* [Input for this task]:
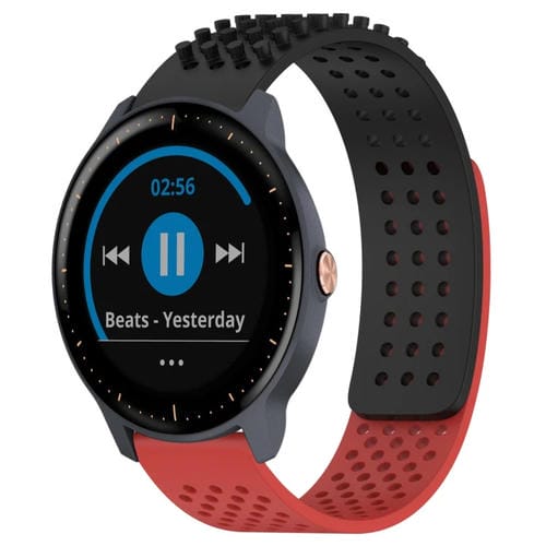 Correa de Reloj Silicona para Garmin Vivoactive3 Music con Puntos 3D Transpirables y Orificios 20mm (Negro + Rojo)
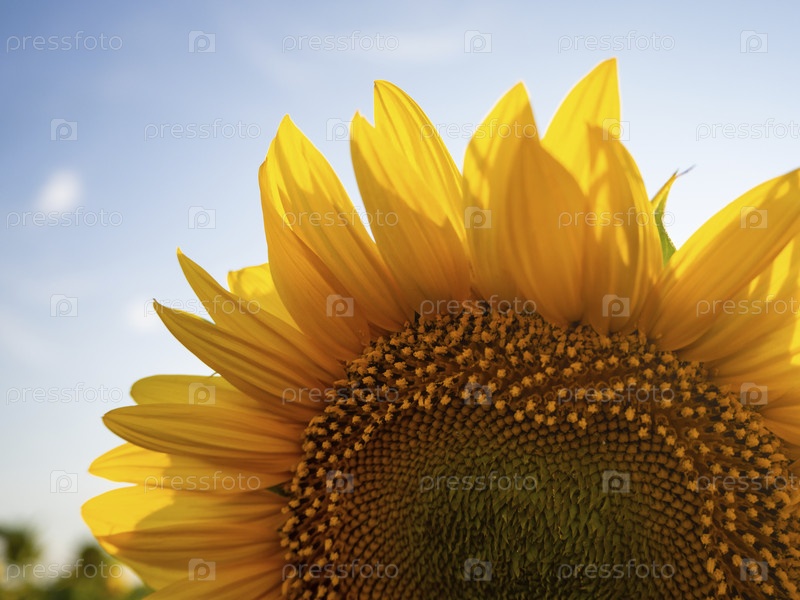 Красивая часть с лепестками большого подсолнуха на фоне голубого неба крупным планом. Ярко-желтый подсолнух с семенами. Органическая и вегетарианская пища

--

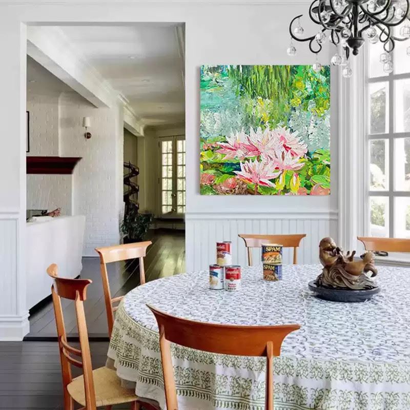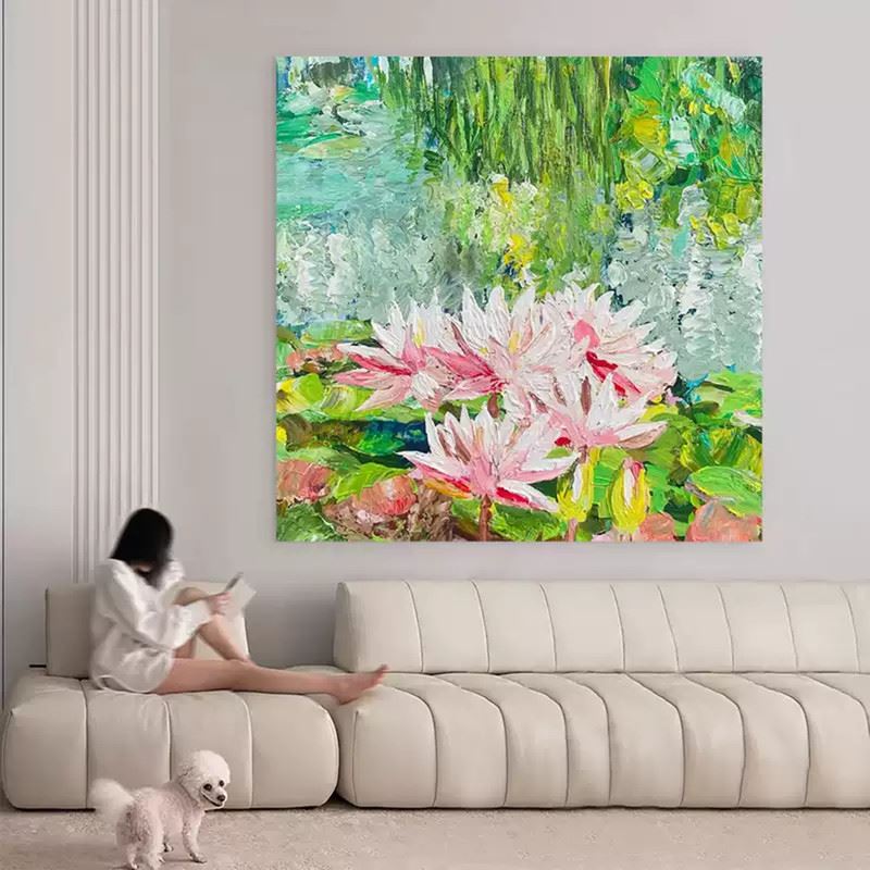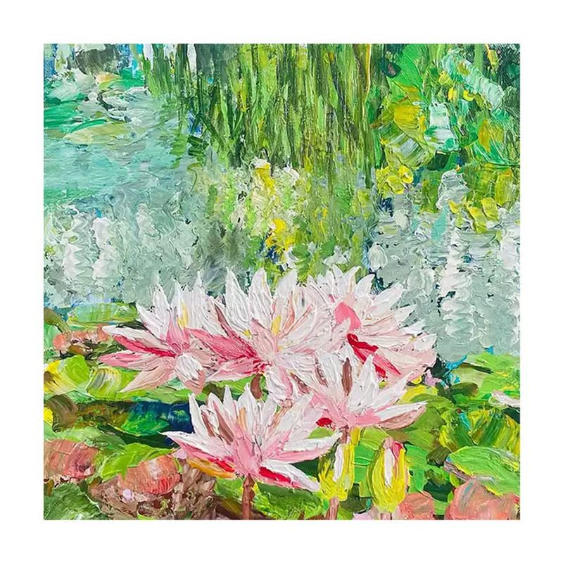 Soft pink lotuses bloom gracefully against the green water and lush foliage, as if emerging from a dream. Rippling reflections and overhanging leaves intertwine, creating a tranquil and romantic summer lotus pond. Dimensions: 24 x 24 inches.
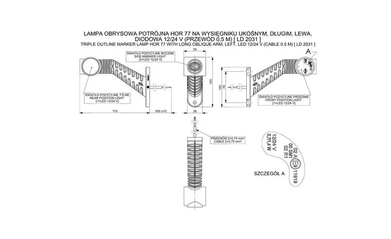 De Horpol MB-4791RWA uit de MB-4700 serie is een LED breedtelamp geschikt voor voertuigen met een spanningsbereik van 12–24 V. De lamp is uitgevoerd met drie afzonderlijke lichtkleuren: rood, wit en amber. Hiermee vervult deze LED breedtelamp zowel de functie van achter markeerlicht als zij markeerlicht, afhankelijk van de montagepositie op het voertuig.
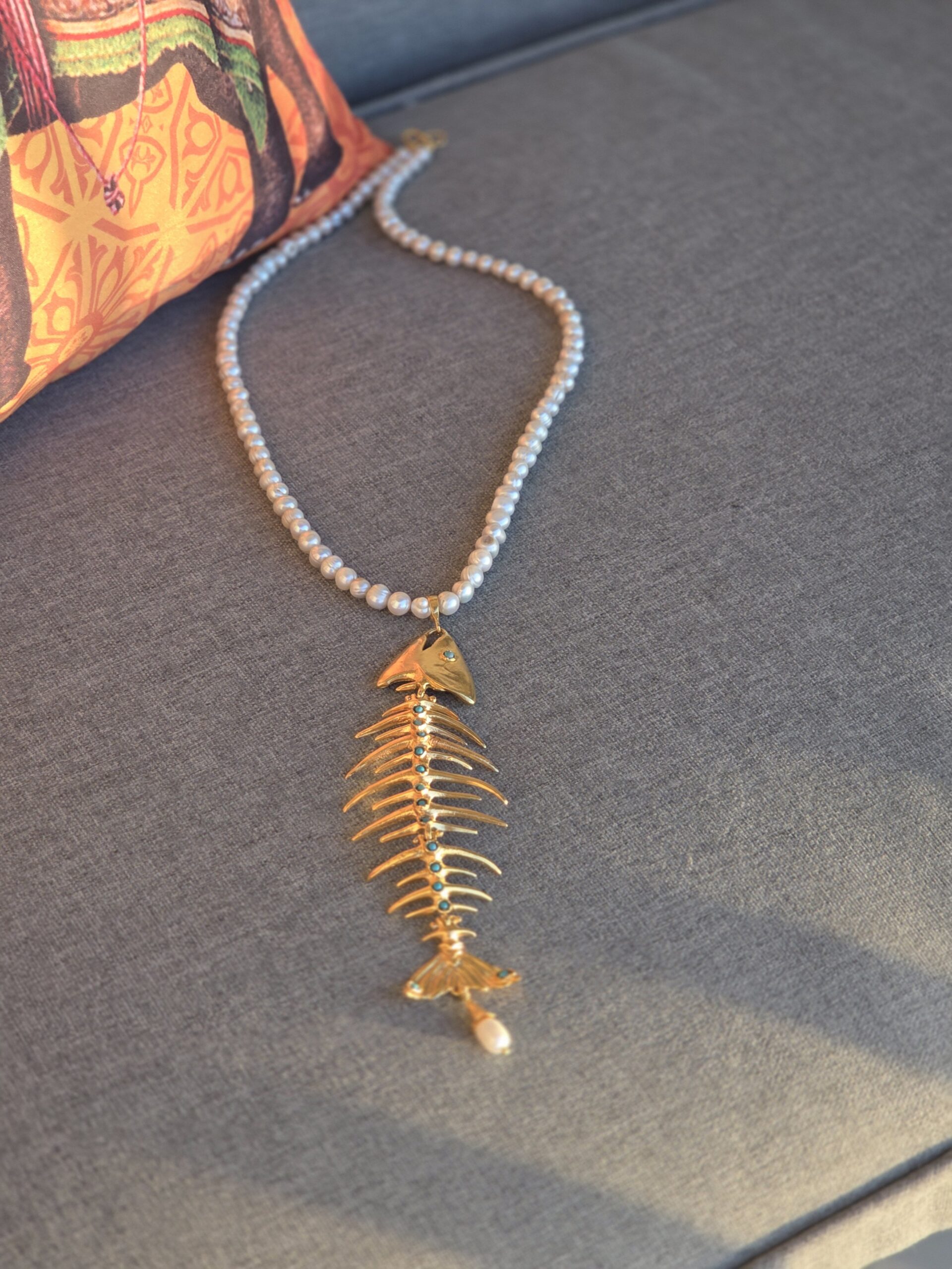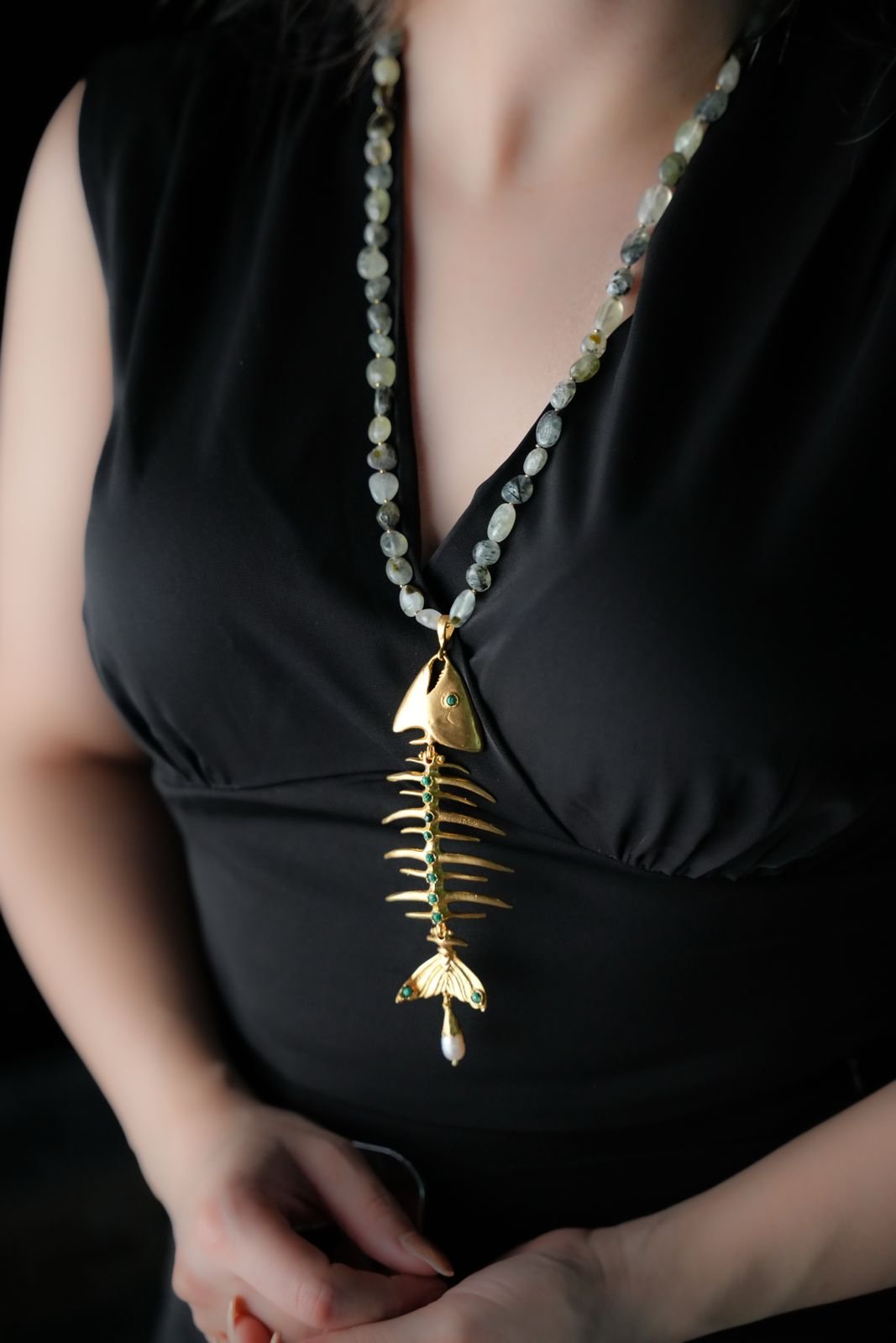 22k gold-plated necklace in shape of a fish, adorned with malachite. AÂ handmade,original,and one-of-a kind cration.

* [Assignment]:
Exactly reproduce the lines above, starting at the one that contains "De Horpol MB-4791RWA" and ending at the one that contains "22k gold-plated necklace", both inclusive; leave the pictures out and add no other lines.

* [Solution to this exercise]:
 De Horpol MB-4791RWA uit de MB-4700 serie is een LED breedtelamp geschikt voor voertuigen met een spanningsbereik van 12–24 V. De lamp is uitgevoerd met drie afzonderlijke lichtkleuren: rood, wit en amber. Hiermee vervult deze LED breedtelamp zowel de functie van achter markeerlicht als zij markeerlicht, afhankelijk van de montagepositie op het voertuig.
 22k gold-plated necklace in shape of a fish, adorned with malachite. AÂ handmade,original,and one-of-a kind cration.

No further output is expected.